Breaking Down the Bermuda Option
Bermuda options are a fusion between American and European options. American options are exercisable at any time between the purchase date and the date of expiration. European options are exercised only at the date of expiration. Bermuda options are a hybrid security because they fall somewhere in the middle of these two types. Other exotic options include binary options and quantity-adjusting options, often called "quanto" options for short.
What Are Options?
Options are financial derivatives. This means that they derive their value from another underlying asset, such as a stock. The option gives the buyer the right, but not the obligation, to buy or sell the underlying asset at a particular price on or before a specified date in the future. An option to buy an underlying asset is referred to as a call option. An option to sell an underlying asset is referred to as a put option.
For example, if you own stock in Company A and want to purchase insurance against a drop in the price of Company A, you can purchase a put option to sell the stock at a certain price, which creates a floor in terms of potential losses. The holder of the option has a certain amount of time to use the option before it expires.

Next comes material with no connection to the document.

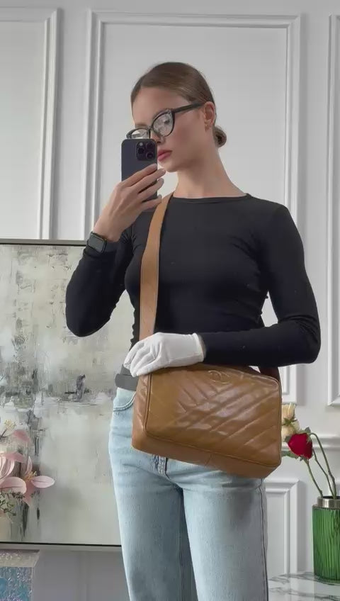 Chanel Vintage Caramel Caviar Diagonal Crossbody Bag

Say a trader has purchased Company A's stock at $50. They believe the stock will rise over time, so they want to hold onto the stock, but don't want to lose money if the stock drops in the short-term. They buy a put option that expires in three months, with a strike price of $45. The option costs $3, or $300 since each option contract represents 100 shares. This option protects the buyer from drops below $45 for the next three months. If it is a Bermuda option, and the buyer decides to exercise the option—that is, to sell the stock at $45 if the stock has fallen below that—they will only be able to it on exercise dates outlined in the contract.
Bermuda Options: Advantages & Disadvantages
There are several advantages and disadvantages with Bermuda options. Unlike American and European options, Bermuda options give writers and buyers the ability to create and purchase a hybrid contract. Writers of Bermuda options are given more control over when the options can be exercised. Buyers of Bermuda options are given an option that is less expensive than an American option, and less restrictive than a European option. Due to their more restrictive nature, European options cost less than American options. Likewise, Bermuda options are typically less expensive than American options, because of the larger premium that American options demand from their flexibility. Therefore, Bermuda options are a compromise between these other two styles. They offer mid-range flexibility for a mid-range price, comparatively.